== Segment start ==
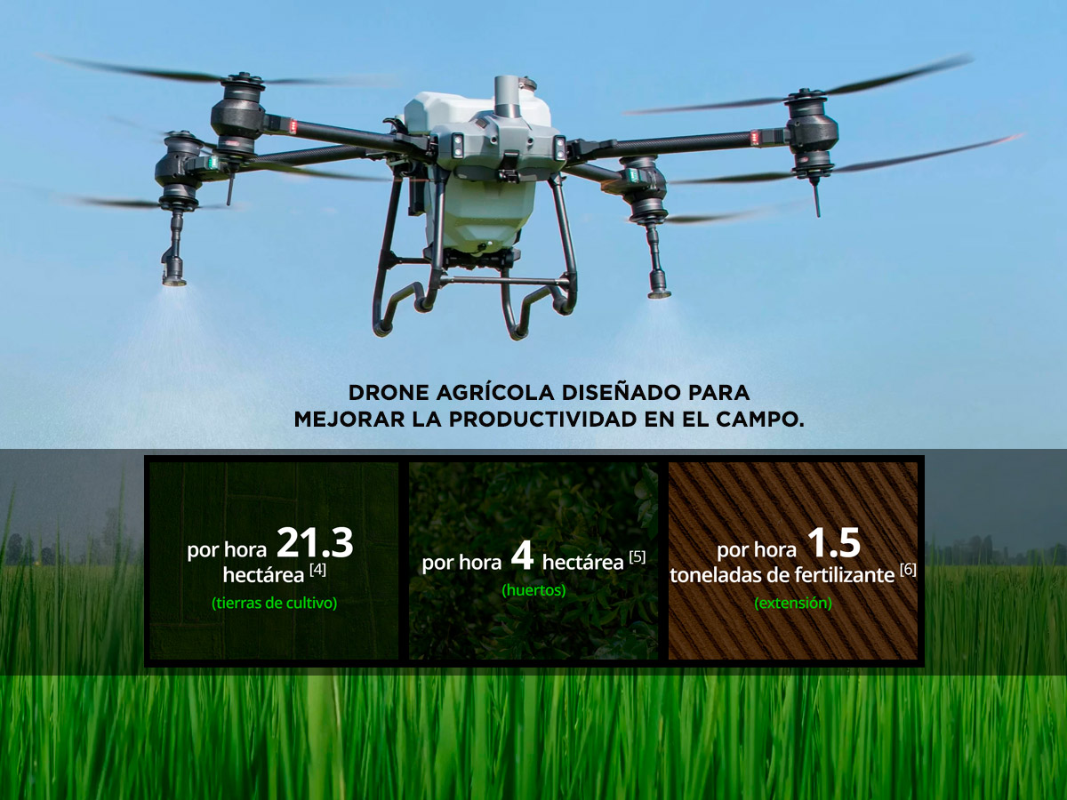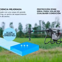 • Vuelo estacionario y pulverización con carga completa: 6 min (a 30.000 mAh y peso de despegue 101 kg)
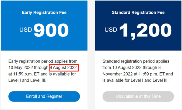 每一级别考试的早鸟报名价:由900美元上调至940美元
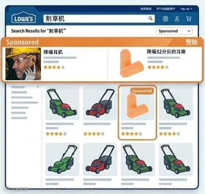 Banner广告则基于实时行为生成原生展示位:当用户搜索“Mowers”,系统自动调取赞助商产品图(如3M耳机),叠加割草机分类页视觉背景,生成高度契合的定制化Banner。
== Segment end ==
● Task directions
The expected answer is the listing above, duplicated exactly, with its pictures removed.

● Exercise solution
 • Vuelo estacionario y pulverización con carga completa: 6 min (a 30.000 mAh y peso de despegue 101 kg)
 每一级别考试的早鸟报名价:由900美元上调至940美元
 Banner广告则基于实时行为生成原生展示位:当用户搜索“Mowers”,系统自动调取赞助商产品图(如3M耳机),叠加割草机分类页视觉背景,生成高度契合的定制化Banner。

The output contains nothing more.